In an unusual press release, the House Ethics Committee confirmed that it was closing its probe into claims that Gaetz, a three-term congressman representing the Sunshine State’s first district, had showed colleagues pornographic materials while on the House floor, taken bribes, misused Florida identification records and stolen from campaign donors by using campaign funds on himself.
But the evenly-split, bipartisan panel — which has been investigating allegations against Gaetz since 2021 but paused the probe until the Department of Justice’s announcement last year that he would not face charges in a long-running investigation into sex trafficking allegations against him — also said its review of evidence had uncovered more claims against the self-described “firebrand” that warrant further investigative work.
“Notwithstanding the difficulty in obtaining relevant information from Representative Gaetz and others, the Committee has spoken with more than a dozen witnesses, issued 25 subpoenas, and reviewed thousands of pages of documents in this matter. Based on its review to date, the Committee has determined that certain of the allegations merit continued review. During the course of its investigation, the Committee has also identified additional allegations that merit review,” the committee said.
The panel also revealed that it is continuing to investigate whether Gaetz “engaged in sexual misconduct and illicit drug use, accepted improper gifts, dispensed special privileges and favors to individuals with whom he had a personal relationship, and sought to obstruct government investigations of his conduct.”
Gaetz has long denied any wrongdoing in the various probes into his conduct, and on Monday accused the panel of “opening new frivolous investigations” into him to “avoid the obvious fact” that all investigations into his conduct will lead to him being exonorated.
He also accused the panel of prolonging the probes into him at the behest of former House Speaker Kevin McCarthy, who retired from Congress last year and has not been a member of the House for roughly six months.
“This is Soviet.

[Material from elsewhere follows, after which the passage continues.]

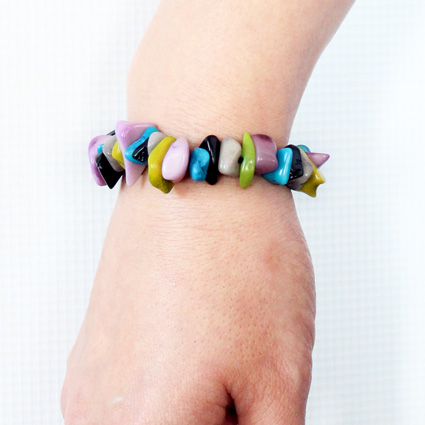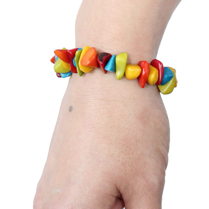 Multicolor tagua fragments are clustered along an elastic cord that wraps around your wrist. All the beads used are sustainable, organic, vegan and biodegradable: 100% vegetable ivory (Tagua seeds). This tagua bracelet is fair trade and ethically handmade in Colombia using eco friendly dyes.

Kevin McCarthy showed them the man, and they are now trying to find the crime. I work for Northwest Floridians who won’t be swayed by this nonsense and McCarthy and his goons know it,” he said.

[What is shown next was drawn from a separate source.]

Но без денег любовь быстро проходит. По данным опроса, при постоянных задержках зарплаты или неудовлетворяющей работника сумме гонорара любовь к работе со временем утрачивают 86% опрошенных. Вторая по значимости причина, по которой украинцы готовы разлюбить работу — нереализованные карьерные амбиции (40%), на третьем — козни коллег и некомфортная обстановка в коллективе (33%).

For his part, McCarthy has said on multiple occasions that Gaetz’s displeasure with the long-running ethics probe, which was not actually under his control as House Speaker because the ethics panel operates independently, was the reason behind Gaetz’s decision to force the October 2023 House vote that led to McCarthy becoming the first House speaker to be ousted from his position mid-Congress.
The most serious allegations against Gaetz date back to 2020 and arose during a federal probe which also ensnared a then-friend and ally of the congressman, Joel Greenberg.

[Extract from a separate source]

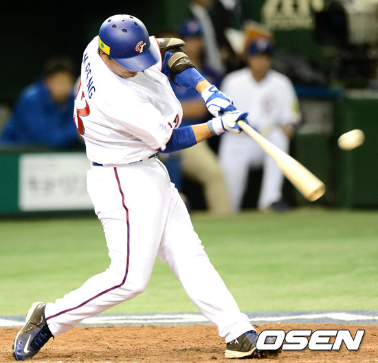 8일 오후 일본 도쿄돔에서 2013 월드베이스볼클래식(WBC) 2라운드 1조 일본과 대만의 경기, 5회말 1사 2루 펑정민이 적시타를 치고 있다.

Greenberg, who pleaded guilty to federal charges including sex trafficking in 2021, reportedly told investigators that he witnessed Gaetz have sexual relations with an underage female who Greenberg had recruited online.
According to The New York Times, Greenberg and Gaetz used online payment apps such as Venmo to pay the women for sexual encounters that took place in 2019 and 2020. But Gaetz has denied the allegations and says the payments were to “ex-girlfriends.”
Last year, the Justice Department closed the probe into Gaetz, but Greenberg, the former Seminole County, Florida, tax collector who is serving an 11-year prison sentence, has reportedly been cooperating with House Ethics Committee investigators and has given evidence as part of the committee’s investigation into his former friend.